I’ve found out by ordering my medical records from her office that my tumors have not grown fast at all. They’ve actually slowed in their growth rate!!  The day I left her office in a panic, I asked her how many tumors I had now, because she said I had more than the last time.  She told me, “More than 5 — they stopped counting!”  My records show ONLY 3, with a possible forth.  And one could be 2, but there was no mention of five definitely, or that they stopped counting.
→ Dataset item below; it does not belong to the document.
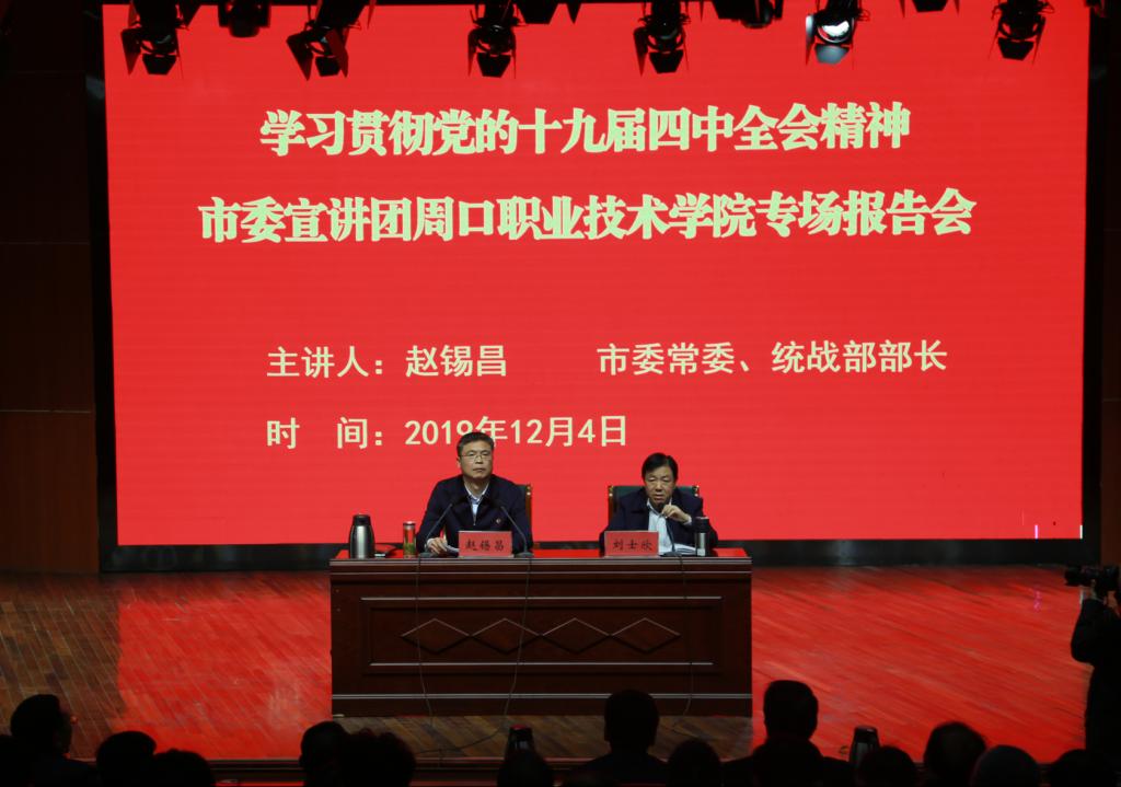 12月4日下午,学习贯彻党的十九届四中全会精神周口市委宣讲团金年会jinnianhuicom专场报告会在金年会开元校区砺德厅举行。市委常委、统战部部长赵锡昌同志作宣讲报告,全体在校校领导、处级以上干部、思想政治理论课教学部全体教师、学生党员代表共计850余人参加报告会,校党委书记刘士欣主持报告会。

This was another blatant lie!
 
I also discovered in her medical record of my visit that there was no mention of cancer whatsoever, or any concerns.  What she did was write down her notes as if I came in complaining and wanted a “solution”–and so she offered me options.  I couldn’t believe it.  Why do I still get surprised?  What she did was write down my concerns, but she took great liberty in grossly misrepresented them –making them much worse than what I said they were, which gives her the justification for recommending the surgery.  So what we discussed and what she actually wrote down were two entirely different conversations.
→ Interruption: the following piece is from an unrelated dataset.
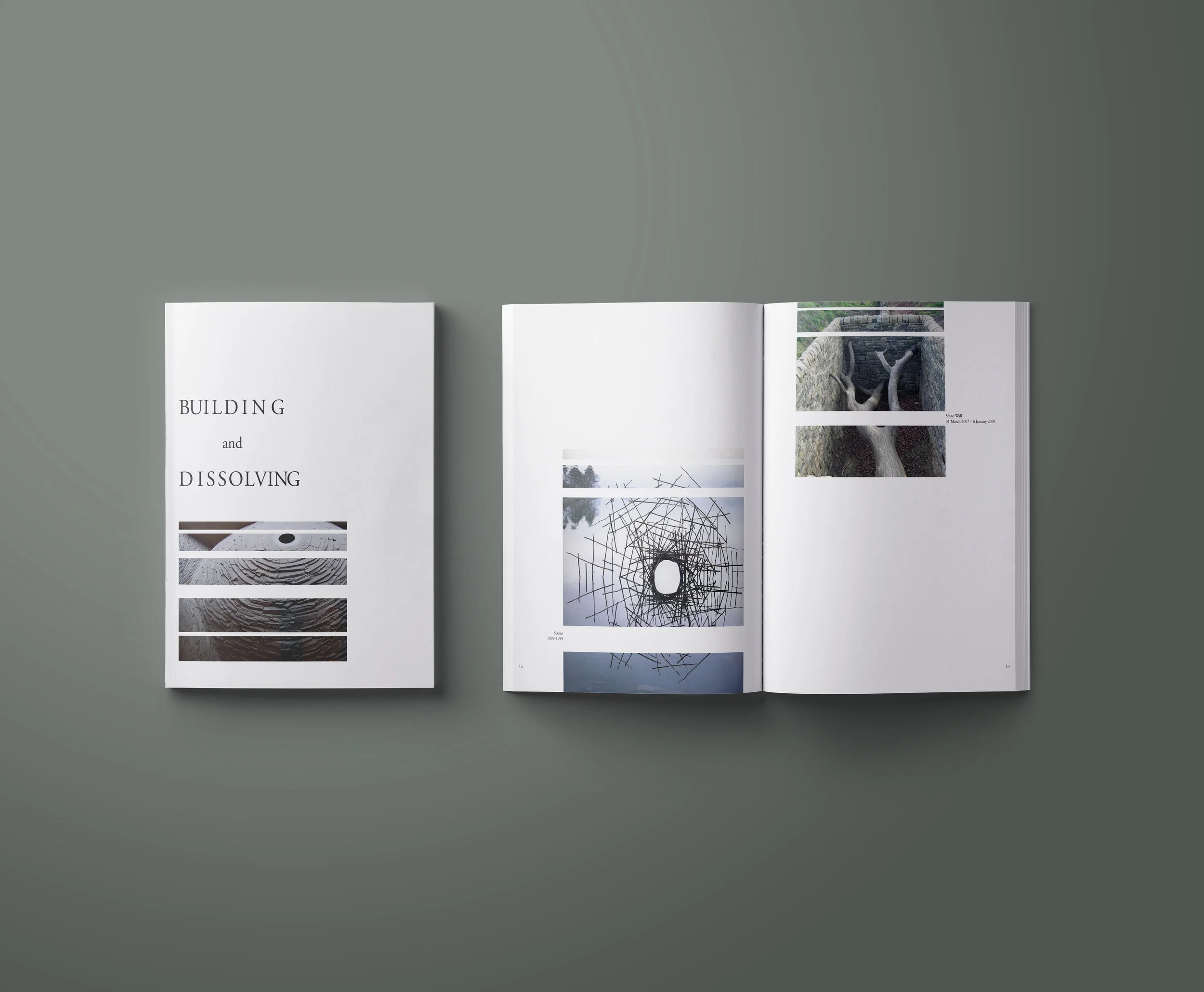 Before starting my design, I watched the documentary on how Andy Goldsworthy work as a sculptor. In the documentary “Rivers and Tides”, Andy creates sculptures and arts using natural materials like wood, leaves, ice, and stone… His artwork will eventually disappear and fall apart as time pass. After the documentary, I came up with this concept that tightens up the whole book, which is “Building and Dissolving”.

Also, during my exam, as we chatted, she asked me what I was up to lately and I told her about my training for law enforcement.  Guess what she wrote on her report?  That I worked for the FBI.  I never said that and you all know I do not work as a employee of the FBI.  Another inaccurate piece of information.  Her medical records hit me as “cover-your-ass” paperwork because it had nothing about our real visit in it!

In her report, she wrote about how she offered me all these different treatment options–for which she offered only 2 — and lied about one of the two.  She told me of two surgeries that were available, and only guided me towards one saying the other could not be done completely (where tumors would remain)–which is an outright lie!! It could be done completely and curatively but differently than she told me.  It would take a specialist surgeon to do it, however, and it wouldn’t be her! I don’t believe she had the skill.  She also wrote that she advised me of all the risks — which she advised me of none!

I can see if I took her to court (which I have no intention), I’d like look the nut job by her records. 

It was a very stressful and disappointing experience to say the least.

I went ahead and scheduled a consultation with a top-notch surgeon and expert in the area of my concern tomorrow at the University of Chicago.

I’m really nervous and scared because I don’t know where it is all going to go, but I need good and trustworthy answers.  This doctor has been given award after award and is highly regarded nationally, but this time, I’m well read, educated and ready to ask him 1000 questions, if need be.  No one is going to mislead me when it comes to my health!  I know all the potentials where this could go and I’m ready to get trustworthy answers. I want to know which option is best for me, and WHY.

If I don’t post for a few days, please understand why.  I’m going through a lot right now.